A Nato air strike in eastern Afghanistan has killed 10 civilians, five of them children, and wounded five other children, Afghan officials said.

[...]

A single home in the remote Sultan valley, in Kunar province, was hit by bombs around 3am on Wednesday, said Wasifullah Wasifi, spokesman for the provincial governor.

Four Taliban commanders were also killed in the attack, said Farid, chief of staff for the Kunar governor.

[...]

"Four women and five children were killed, and five children wounded. One man, who was the leader of the family, was also killed, according to reports from the site," Farid told the Guardian by phone from Kunar.

"Four Taliban commanders were also killed in this incident, but it is not clear in what part of the site they were, whether they were inside the house. We have sent a delegation to the site."

  UK Guardian

NATO apprently is allowed to target homes. And by our new rules, anyone in them is considered enemy combatants as long as there is at least one enemy combatant presumed to be amongst them. I can't begin to imagine why they hate us. Unless they're just jealous of our freedoms.

The younger troops fighting in Afghanistan right now were seven years old when American boots hit the ground in 2001. They've known nothing but their country at war. Now they represent a generation, a moment in America as America moves on.

The drone strikes will continue, as will secretive raids and small, hot flashes of combat, but will there ever be another war that requires so many bodies for the same effect?

And that's another legacy of Iraq and Afghanistan. Maybe mine will be America's last generation of war veterans.

[...]

Several years ago, I spent time with an Army infantry platoon at an outpost on a mountainside along the Pakistan border. A year later, American forces destroyed the outpost and withdrew from the area, essentially ceding the territory back to the insurgents. I asked one of the soldiers I'd been with what he thought of that. What was that for? he wondered. That was a year of our lives.

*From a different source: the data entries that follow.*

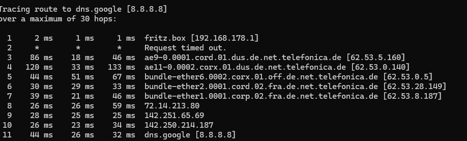 I've performed tests including ping and traceroute to 8.8.8.8, and the results indicate the issue begins within your network infrastructure and continues along the route — especially through telefonica.de nodes.
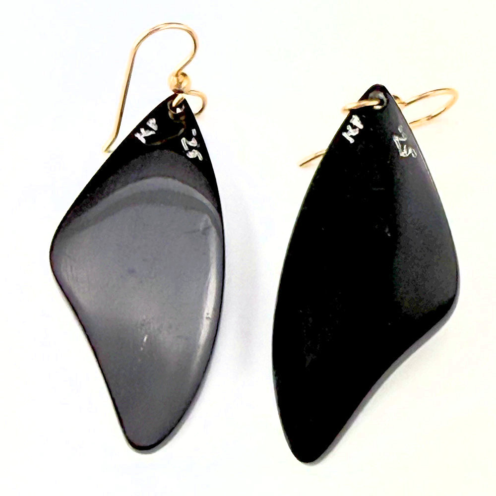 Kevin and Valerie Pourier are Oglala Lakota. Their home and studio are located on the Pine Ridge Reservation – Medicine Root District, just on the northern edge of the Badlands area of the reservation. The inspirational and material source of the Pourierʼs work is rightly ascribed to what also happens to be the Lakota Peopleʼs first name, Pte Oyate kin, the Buffalo People. As partners, they are pleased to cultivate the idea that their work not only comes out of the lifeways of the People but is, moreover, a new cultural art form. Each piece is hand-cut from buffalo horn, which is then carved and inlaid with stones. This is a pair of monarch butterfly wing earrings that are carved and then inlaid with opal and mother-of-pearl shell to create the coloration.
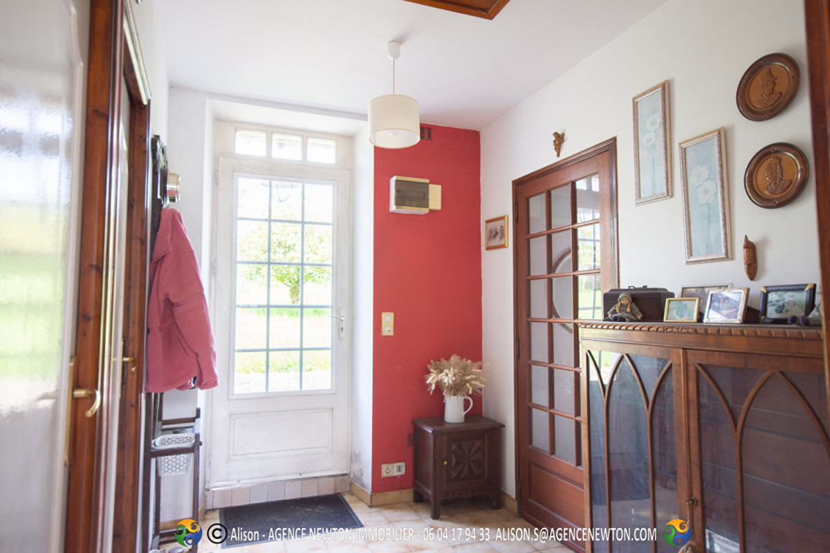 La maison est entourée de campagne et située en retrait d'une rue calme. Parking goudronné, jardin et haies. Le terrain est principalement gazonné, agrémenté d'arbustes et d'arbres.
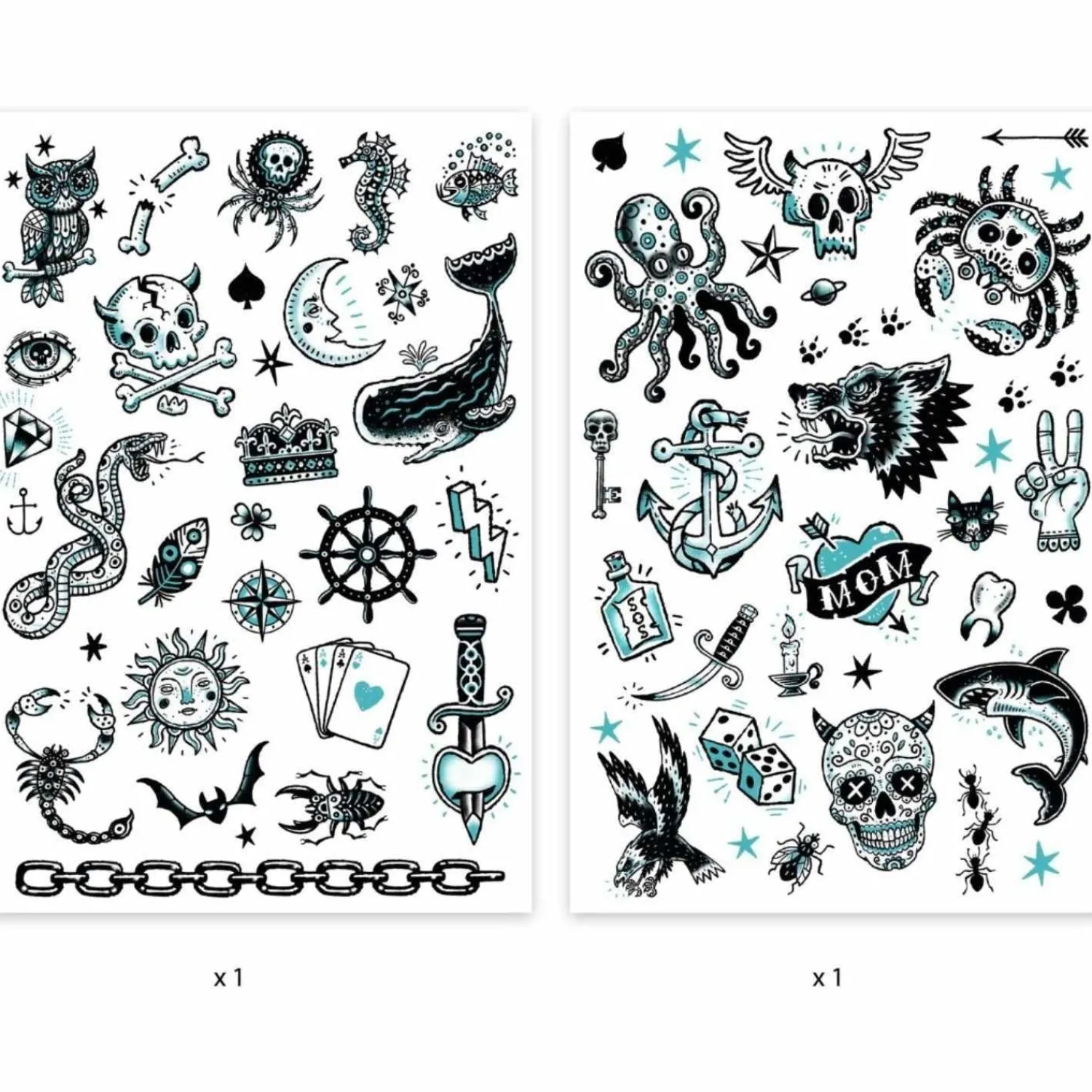 Opdag den spændende verden af midlertidige tatoveringer med Djeco Tattoo Dark Side. Denne pakke indeholder to ark med iøjnefaldende sort og blå designs, der vil pynte ethvert barns hud og lade dem udforske deres kreative side på en sjov måde.
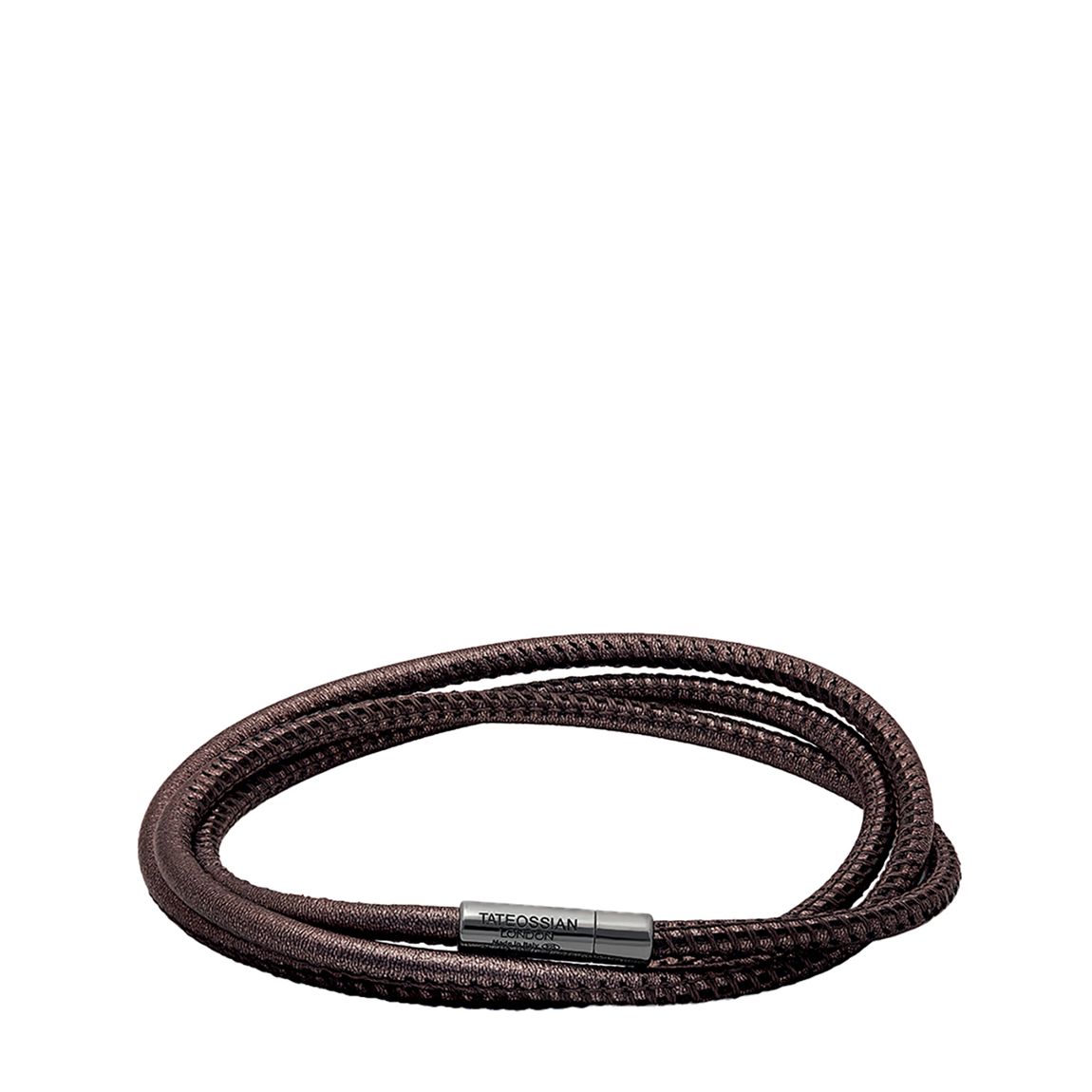 Tateossian Triplo Mini Pop Bracelet in Metallic Brown Leather
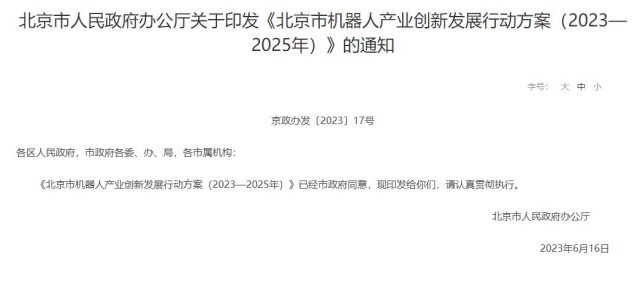 央視網(wǎng)消息:近日,北京市人民政府發(fā)布《北京市機器人產(chǎn)業(yè)創(chuàng)新發(fā)展行動方案(2023—2025年)》。主要內(nèi)容如下:

I thought my part of the Long War — as an infantryman in Iraq — unnecessary, and the preceding sales job to the American people dishonest. But I hoped to someday look back and see it was all worthwhile, because otherwise it would be too painful, too disheartening, to think about sacrifices made, about the friends wounded and killed. I'm still waiting for that verdict.

  Brian Mockenhaupt

In this, as in many things in life, this man will just have to be satisfied with making up his mind that it was worthwhile, if that's what he wants it to be.